Thursday, July 30, 2015

Is Neo-Darwinian Exposition Often a Case of Science Fiction or Fiction Science?

In my book, The Integration of Faith and Learning: A Worldview Approach, I referenced William D. Romey's article, "Science as Fiction or Nonfiction: A Physical Scientist's View from a General Semantics Perspective" (ETC, 37:3, Fall 1980, 201-207) in which Professor Romey says, "It is time to recognize the fictional dimension of all science and to acknowledge what is often thought 'pure' is a blend of fictional and nonfictional elements. . . ." He notes that inferences in science often involve "a leap across a gap of unknown dimensions," and that "any inference, then, may not be far from a flight of fantasy."

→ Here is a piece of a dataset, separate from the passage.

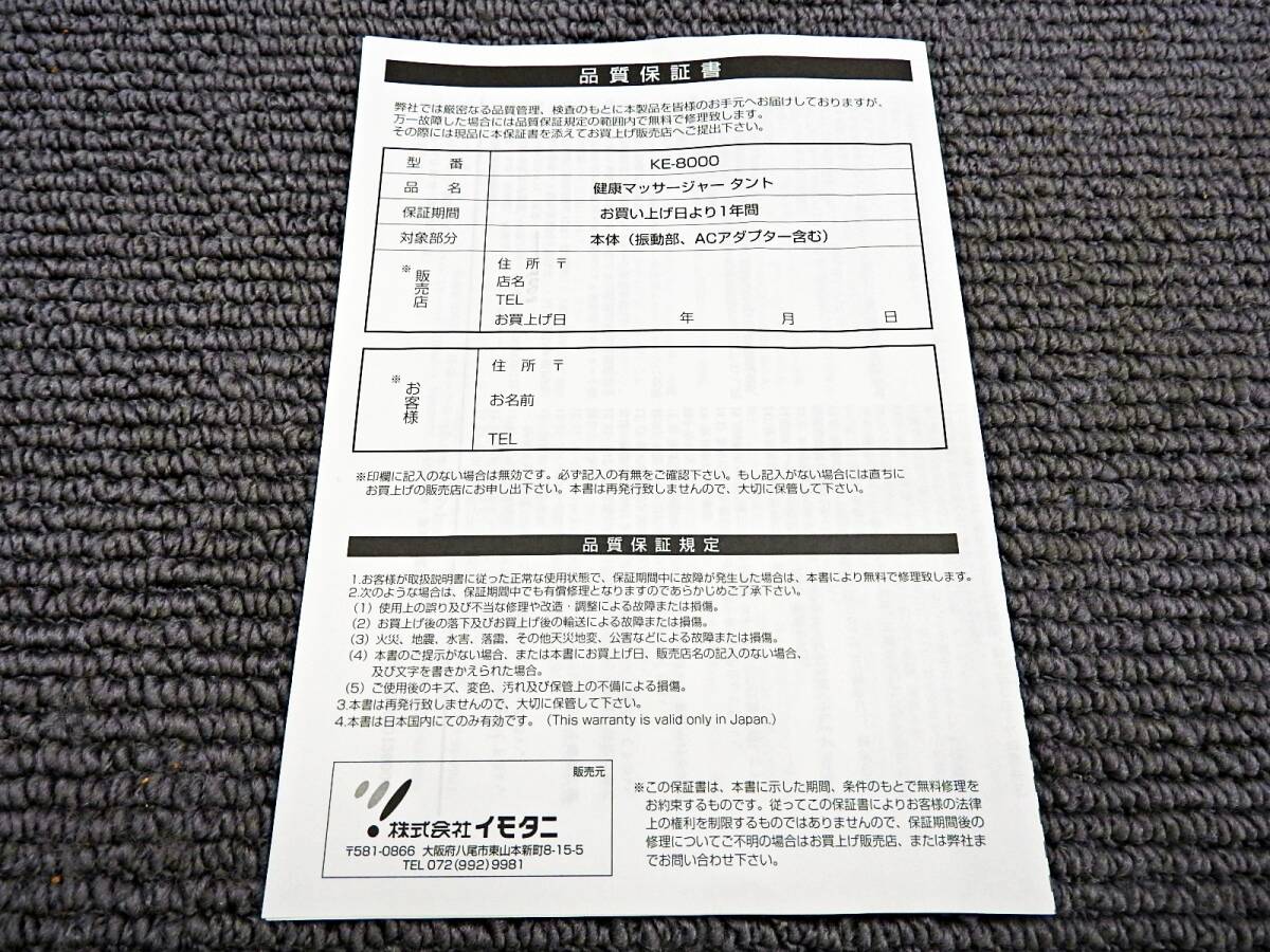 【新品】IMOTANI イモタニ■健康マッサージャー・タント KE-8000 マッサージ器 箱・取扱説明書■未使用品「管理№KT924」
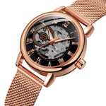 The Skeleton dial with a sleek design highlights the rose gold color and harmonious design.

What brought these comments to mind was a book review by S. I. Hayakawa, that famed semanticist, discussing science fiction and L. Ron Hubbard's book, Dianetics. (ETC, 8:4, Summer, 1951, 280-293). In that review, Professor Hayakawa describes "the dangers entailed in the profession of science-fiction writing." How he describes the practice reminds me of how discussions of evolutionary "facts" and processes are often presented. Read Hayakawa's description  here and see if it doesn't resonate with a lot of Neo-Darwinist rhetoric:

"The art consists in concealing from the reader, for novelistic purposes, the distinctions between established scientific facts, almost-established scientific hypotheses, scientific conjectures, and imaginative extrapolations far beyond what has even been conjectured. The danger of this technique lies in the fact that . . . the writer . . . may eventually succeed in concealing the distinction between his facts and his imaginings from himself." As a result, adds Hayakawa, the writer's imaginings can "acquire so vivid a verbal existence that they may begin to  have, in the writer's evaluations, 'actual' existence."

From a semantics perspective, you could say that such writers have imprisoned themselves in their own verbal cage. Or, from a more ordinary perspective, it could be said that they have come to believe their own propaganda.